How Technology Helped to Shape the iGaming Industry

Published on November 25, 2020
Image via Unsplash

The iGaming industry is about as old as e-commerce. The two began life in the 1990s as the world wide web began to take hold around the world. Unlike e-commerce, which was (and is) able to operate more freely, iGaming needs technological and legal factors in alignment for it to thrive. 

In 2019, the industry generated around $50 billion in revenue, over two times morethan the large integrated resorts of Las Vegas. That is despite Vegas casinos having a much more diversified portfolio of income streams that includes hotel rooms, bars, restaurants, shops, nightclubs, theme parks, and event space. 

Today, the iGaming industry is awash with poker rooms that offer a multitude of different game variants, casinos with all the most popular table games, and hundreds of video slots. Consumers have more choice than at any point in history, and the flexibility to play on their own terms. 

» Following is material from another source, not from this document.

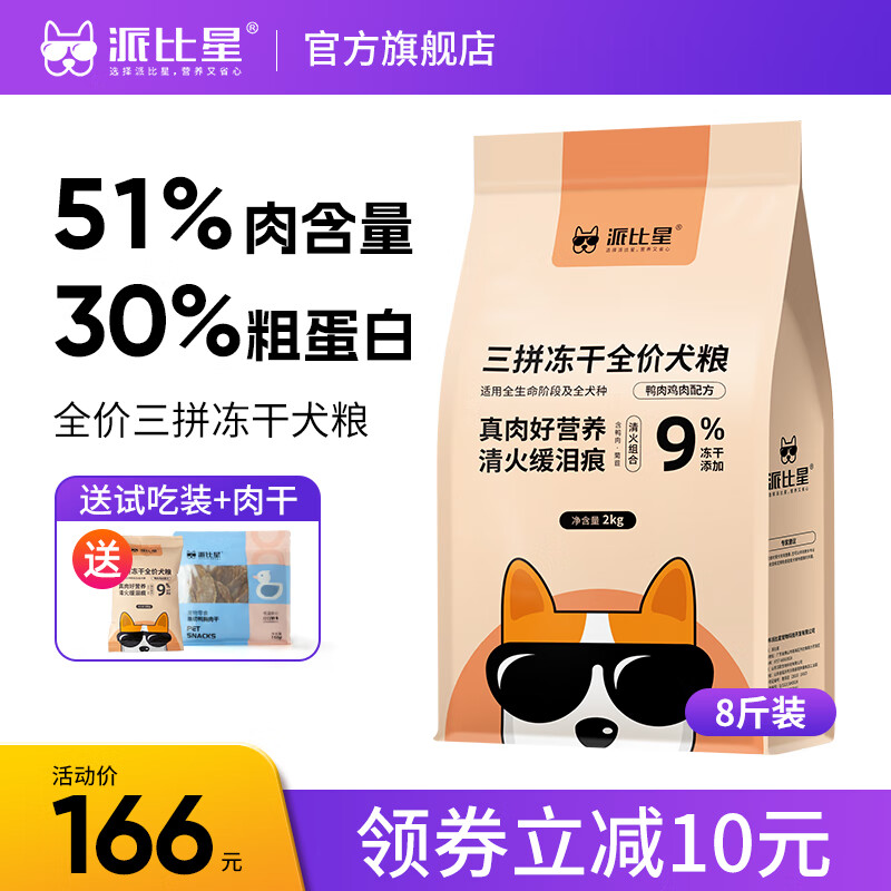 派比星狗粮幼犬成犬通用无谷鲜肉全价低敏鸭肉梨缓泪痕小中大型犬狗干粮 三拼冻干通用狗粮4kg

None of this would have been possible without many technological developments. Here is how technology has shaped the iGaming industry. 

Laying the Foundations

Although some geek historians attribute the first online transactions to way back in the 1970s and 1980s, the first true online retail store didn’t open until around 1994. The prospect of internet-based shopping had been discussed for several years before this, but the technology to keep transactions secure and make payments easy hadn’t been possible until the middle of the decade. 

Hot on the heels, many people had been discussing the prospect of hosting poker rooms and casinos on the internet, allowing people to play these games from the comfort of their own homes. 

However, legal restrictions placed on the gambling industry in most countries meant it wouldn’t be possible to operate a website that accepted wagers This changed in 1994 when Antigua & Barbuda, a small island nation in the West Indies, passed the Free Trade & Processing Zone Act. This new law made it possible for iGaming companies to set uptheir territory and serve customers around the world.

Within a year of the law passing, the first online wagers were placed with a Swiss-based lottery. Shortly afterward, there were hundreds of poker sites, casinos, and sportsbooks operating around the world. 

Early Technological Advancements

Just a few months after the first online betting sites launched, Microsoft released Windows 95, which sold 7 million copies in its first week and 40 million units during its first year. 

This was the first time many people bought a computer for their home to connect to the internet. This meant that online casinos and poker sites suddenly had a much larger market to serve. 

Shortly after the first online poker sites and casinos began operating, computers got more powerful and internet connections got faster. This allowed poker sites and casinos to offer more interactive games, better graphics, and improve sound effects. 

Access to these sites was helped by companies like AOL and CompuServe, who aggressively marketed their services to get people connected to the internet. 

AOL alone pushed so hard to get people connected to the internet, it sent CDs with its software to every home in the United States, spending more than $300 million. After version 4.0 of the company’s software launched in 1998, it produced so many disks that all of the global CD production capacity was used for AOL marketing efforts. 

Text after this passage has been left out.